For additional notes, such as how to extend the business functionality by
adding custom interfaces, refer to the comments in the
uBizCustomersClient.pas unit
}
interface
uses
Classes, SysUtils,
uDADataTable,uDADelta,
uBizCustomersClient, uDAInterfaces,
uDABusinessProcessor, SampleSchemaServer_Intf;
type
{ TBizCustomerServerRules }
TBizCustomerServerRules = class(TCustomersBusinessProcessorRules)
protected
// Business events
procedure BeforeProcessChange(Sender: TDABusinessProcessor;
aChangeType: TDAChangeType;
aChange: TDADeltaChange;
var ProcessChange: boolean); override;
end;
implementation
{ TBizCustomerServerRules }
procedure TBizCustomerServerRules.BeforeProcessChange(
Sender: TDABusinessProcessor; aChangeType: TDAChangeType;
aChange: TDADeltaChange; var ProcessChange: boolean);
begin
inherited;
if (aChangeType<>ctDelete) then ValidateCustomer(Self);
// It's a sort of a strong rule but it's just to make a point that server side
// business rules might enforce stronger rules than clients.
if (aChangeType=ctInsert) and not SameText(ContactName, 'Alex') then
raise Exception.Create('Cannot process an update without Alex as ContactName');
ContactTitle := TimeToStr(Now);
end;
initialization
RegisterBusinessProcessorRules('ServerRules.Customers',TBizCustomerServerRules);
end.
There's only one element we haven't discussed yet: how do you associate a TDADataTable and TDABusinessProcessor to a business helper class? This is accomplished by setting the BusinessRulesID property to match the value used in the RegisterXXXRules call in the initialization section of the units above.

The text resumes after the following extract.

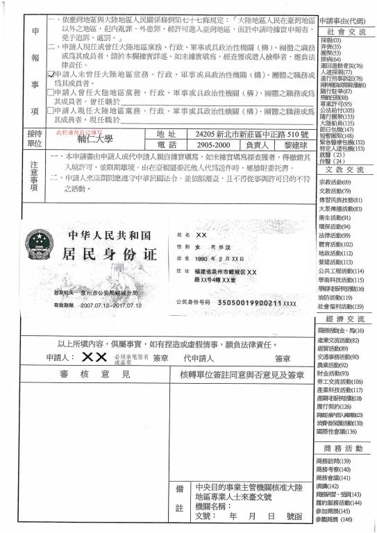 各校通用版.大陸地區人民入出臺灣申請書.pdf (若学校申请材料中没有要求则不必提供)

When you do this, the data table and the business processor will create an instance of the class associated with that ID (see the 2nd parameter of RegisterDataTableRules and RegisterBusinessProcessorRules) and let those handle the support for the business interface you are trying to use in your code.
Tip: as you may have noticed, TBizCustomersClientRules is the class that provides the implementation for IAdvancedCustomer. You can add as many extra interfaces as your design suggests and the data table will still be able to be typecast to that interface, by using the 'Supports' VCL function or by simply calling QueryInterface. This allows you to check which interfaces the data table and its helper class support.
Conclusion
Data Abstract strongly-typed data tables and business processors greatly improve the readability and integrity of your code by adding type safety to your data tables. Through the use of business helper classes and interface type-casting, you can say good-bye to messy data modules and start designing your systems using pure and clean object oriented techniques in a RAD way.
The architecture of Data Abstract allows you to clearly separate client and server-side business rules and reutilize shared blocks whenever needed (e.g. the ValidateCustomers function). Object orientation is finally a RAD experience for multi-tier data-access!